WORK INSTRUCTIONS:
Without adding anything, give again the lines from the one holding "Long striped skirt with" through the final line of the records, exactly, with both ends included and pictures dropped.

INPUT:

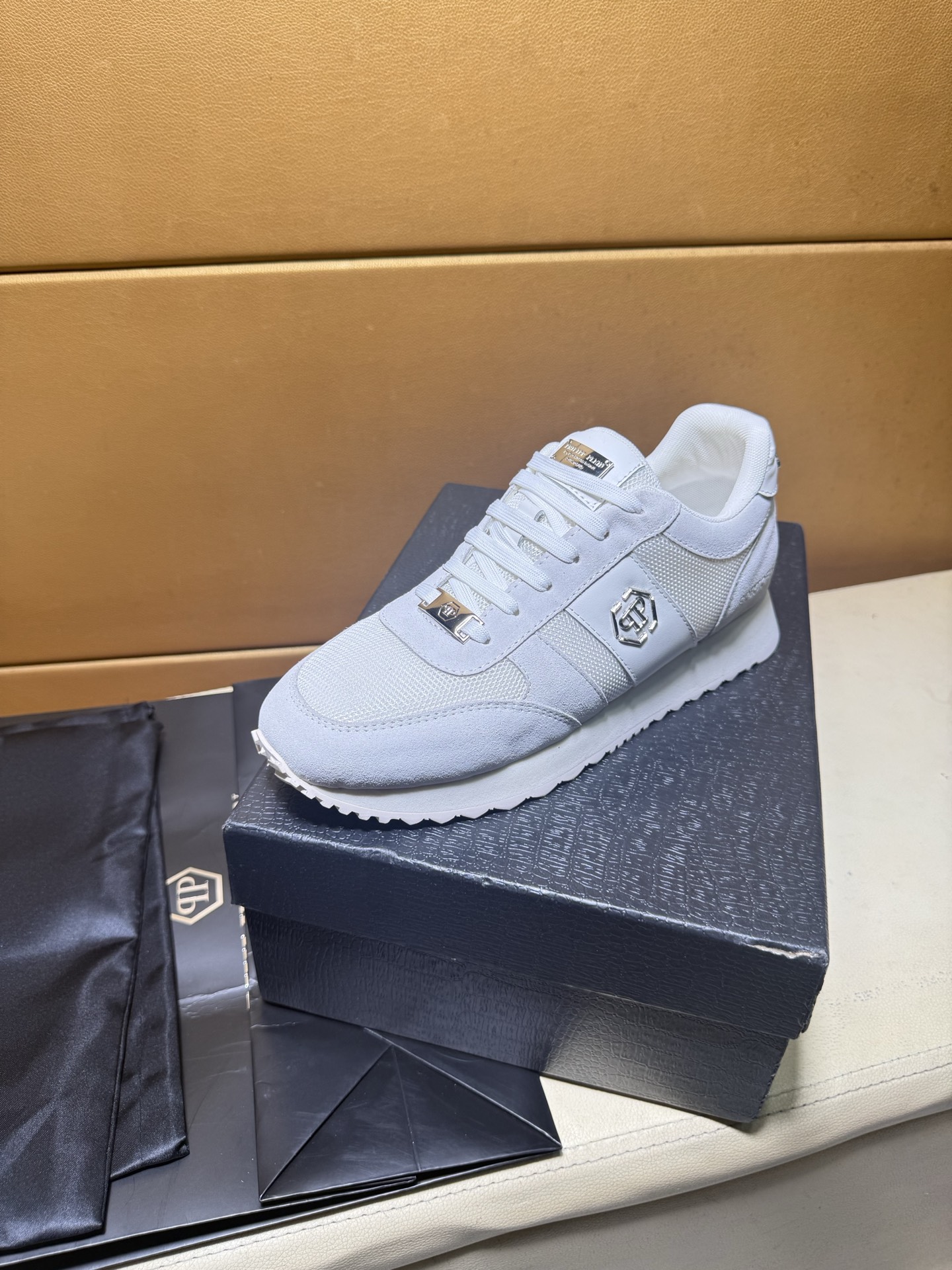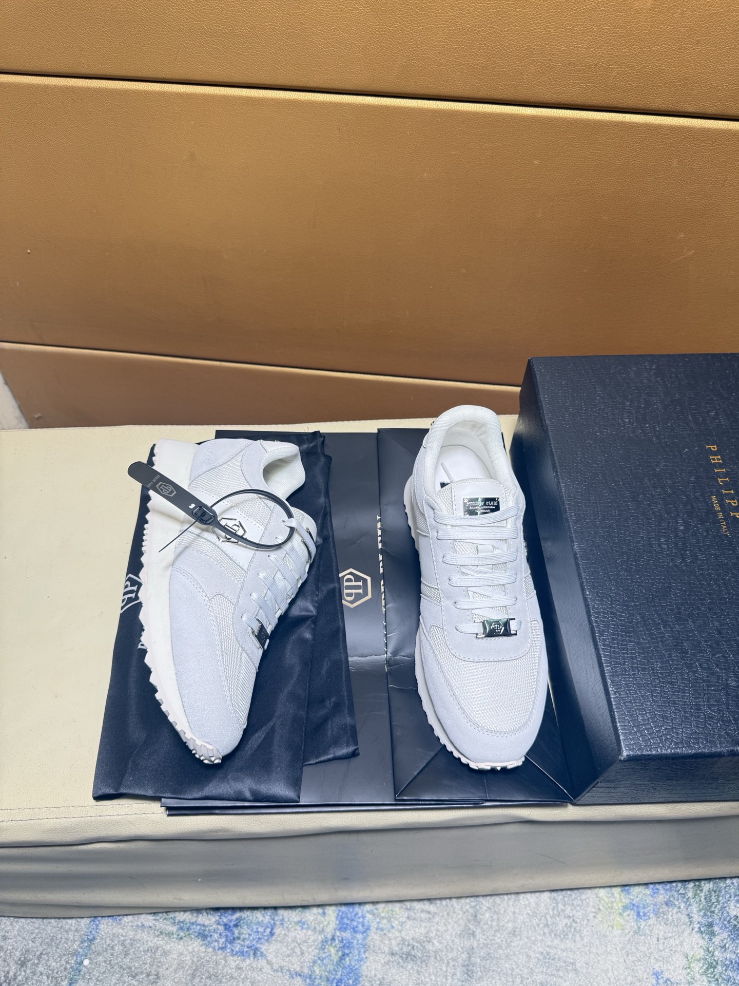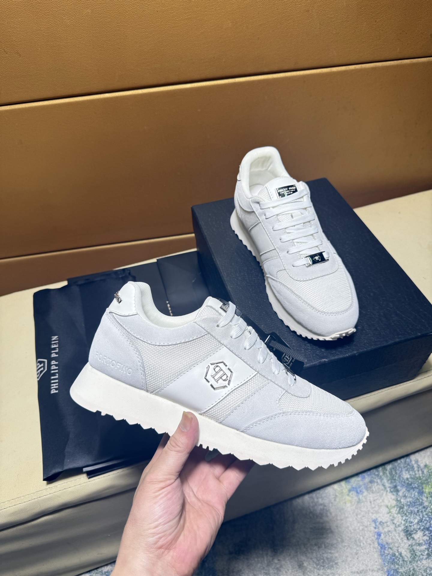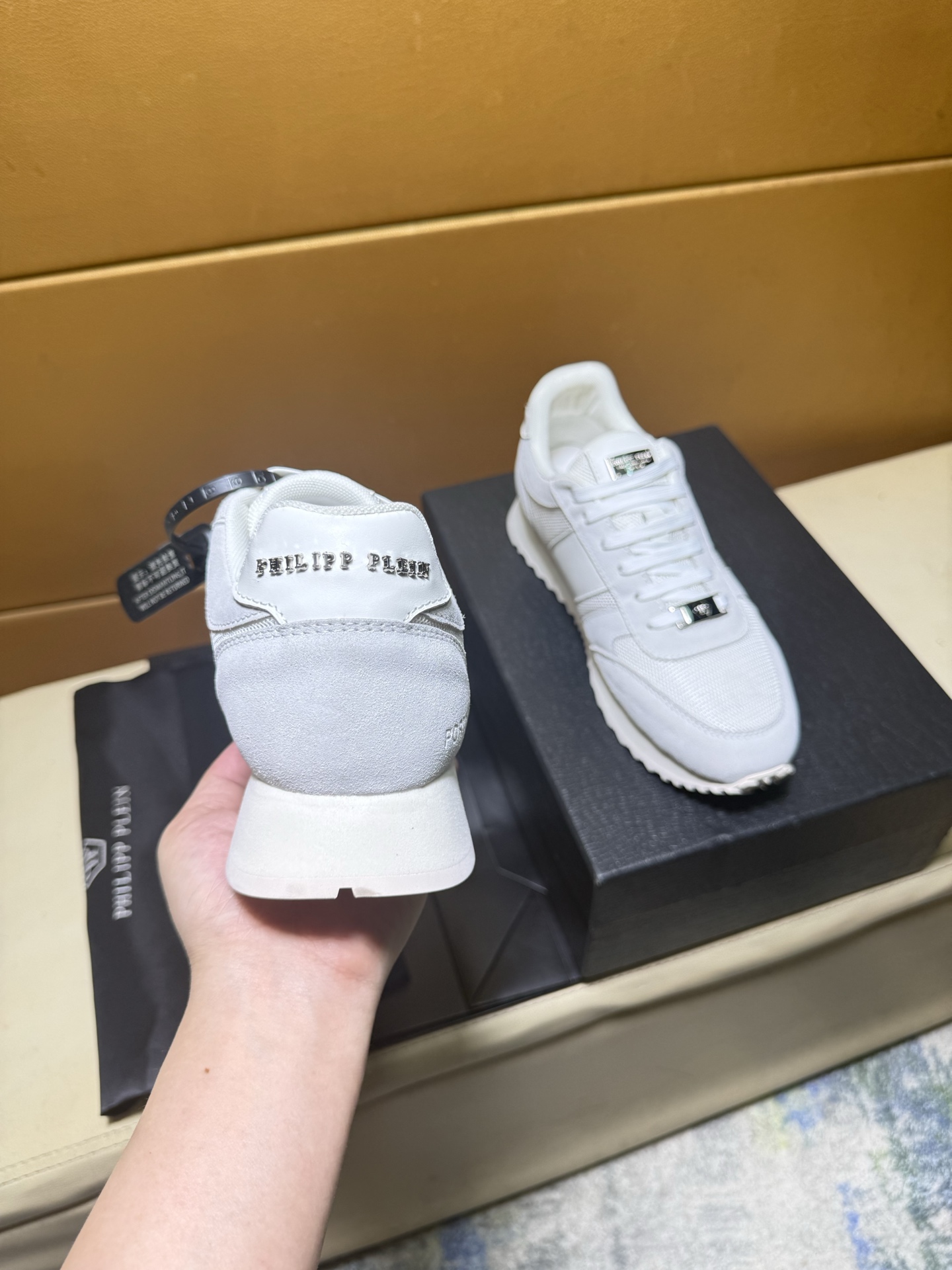 这款鞋子是AAAAA 1:1 质量 (非常棒). 使用了和原版一模一样的材料. 商标部分也保持了和菲利普·普林/Philipp Plein一样. 图片拍摄是实物鞋子拍摄, 您所收到的实物保证和我们图片一模一样.
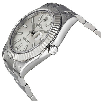 Stainless steel case with a stainless steel Rolex oyster bracelet. Fixed fluted 18kt white gold bezel. Silver dial with silver-tone hands and index hour markers. Minute markers around the outer rim. Dial Type: Analog. Date display at the 3 o'clock position. Automatic movement with a 48-hour power reserve. Scratch resistant sapphire crystal. Screw down crown. Solid case back. Case diameter: 41 mm. Round case shape. Oyster clasp. Water resistant at 100 meters / 330 feet. Functions: date, hour, minute, second. Luxury watch style. Watch label: Swiss Made. Rolex Datejust II Silver Dial Stainless Steel Rolex Oyster Automatic Men's Watch 116334SSO.
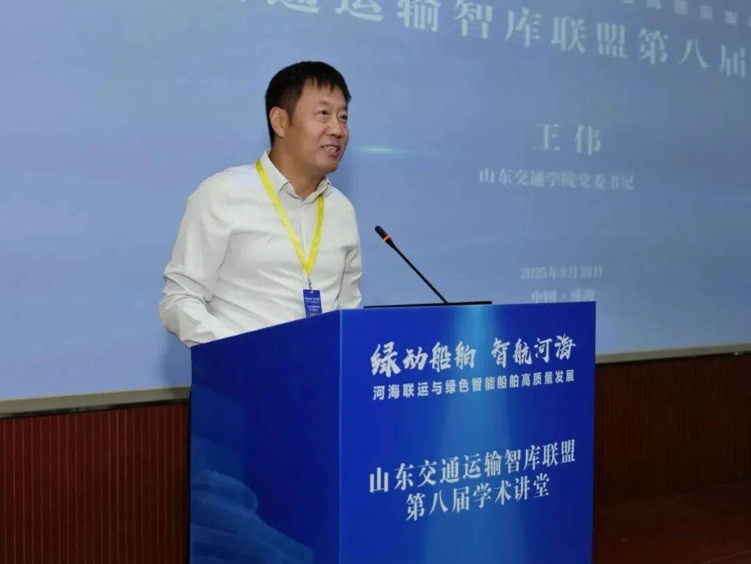王伟在致辞中回顾了山东交通学院69年来“因交通而生、应交通而兴、为交通而强”的办学历程,介绍了学校在智慧交通、绿色交通等领域形成的鲜明特色与丰硕成果。他表示,学校将充分发挥交通类高校的学科与人才优势,持续聚焦绿色智能船舶与河海联运关键技术,助力行业转型升级与山东交通强省建设。
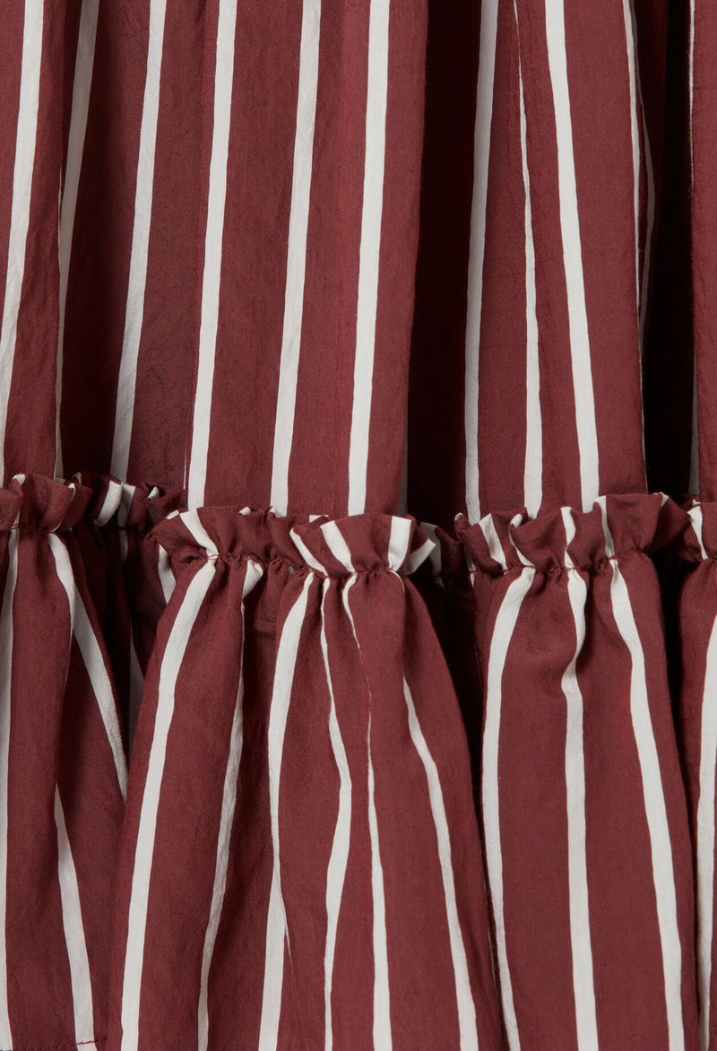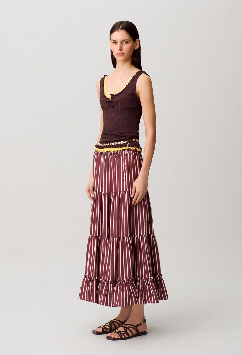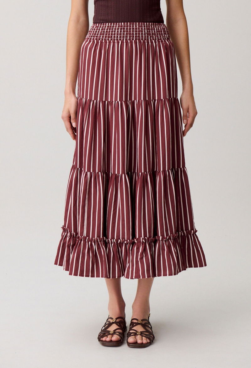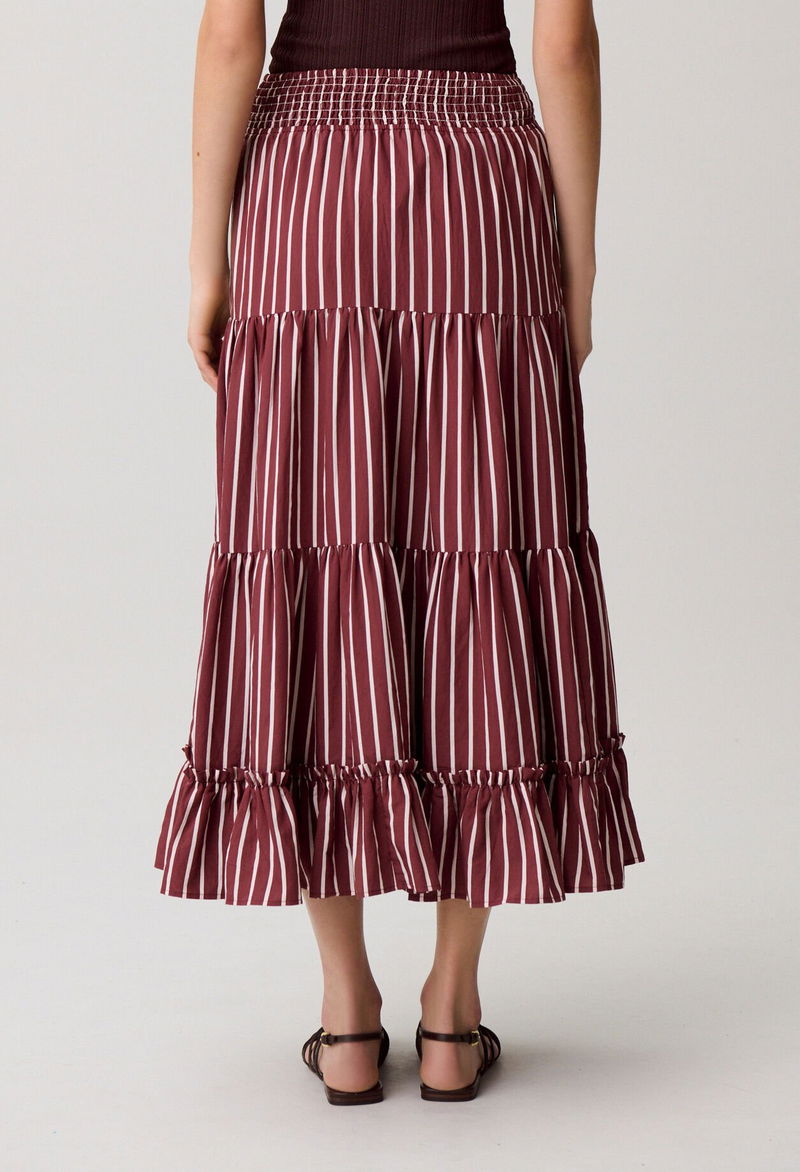 Long striped skirt with an elasticated waist. Long striped skirt. Regular elasticated waist. 3 main gathered panels. Ruffle at the hem.
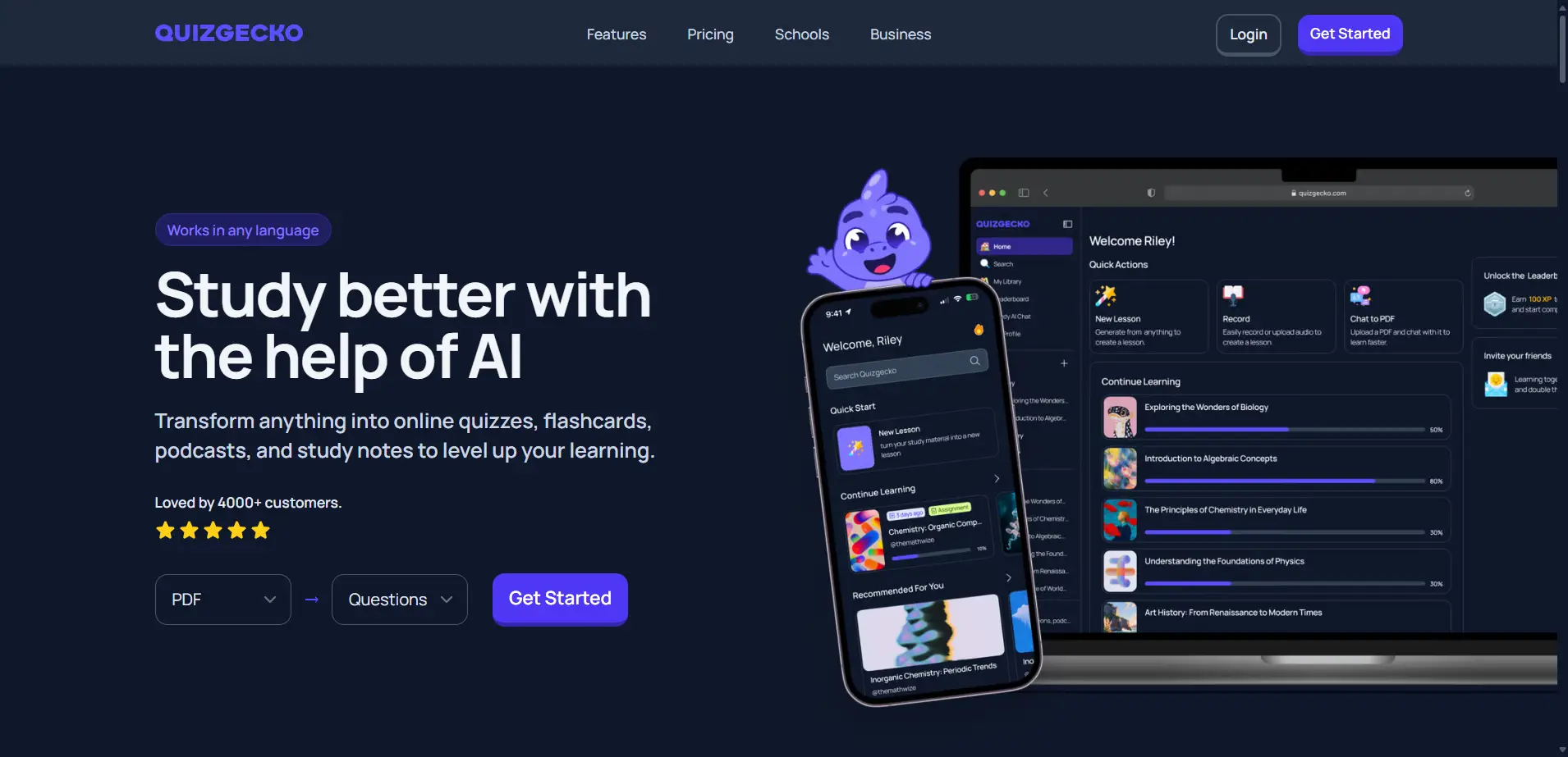 Quizgecko is an AI-powered study tool that transforms any text, file, or webpage into interactive quizzes, flashcards, podcasts, and study notes. Designed for students, educators, and businesses, it helps you learn faster with scientifically proven spaced repetition and AI-powered feedback.

RESPONSE BELOW:
 Long striped skirt with an elasticated waist. Long striped skirt. Regular elasticated waist. 3 main gathered panels. Ruffle at the hem.
 Quizgecko is an AI-powered study tool that transforms any text, file, or webpage into interactive quizzes, flashcards, podcasts, and study notes. Designed for students, educators, and businesses, it helps you learn faster with scientifically proven spaced repetition and AI-powered feedback.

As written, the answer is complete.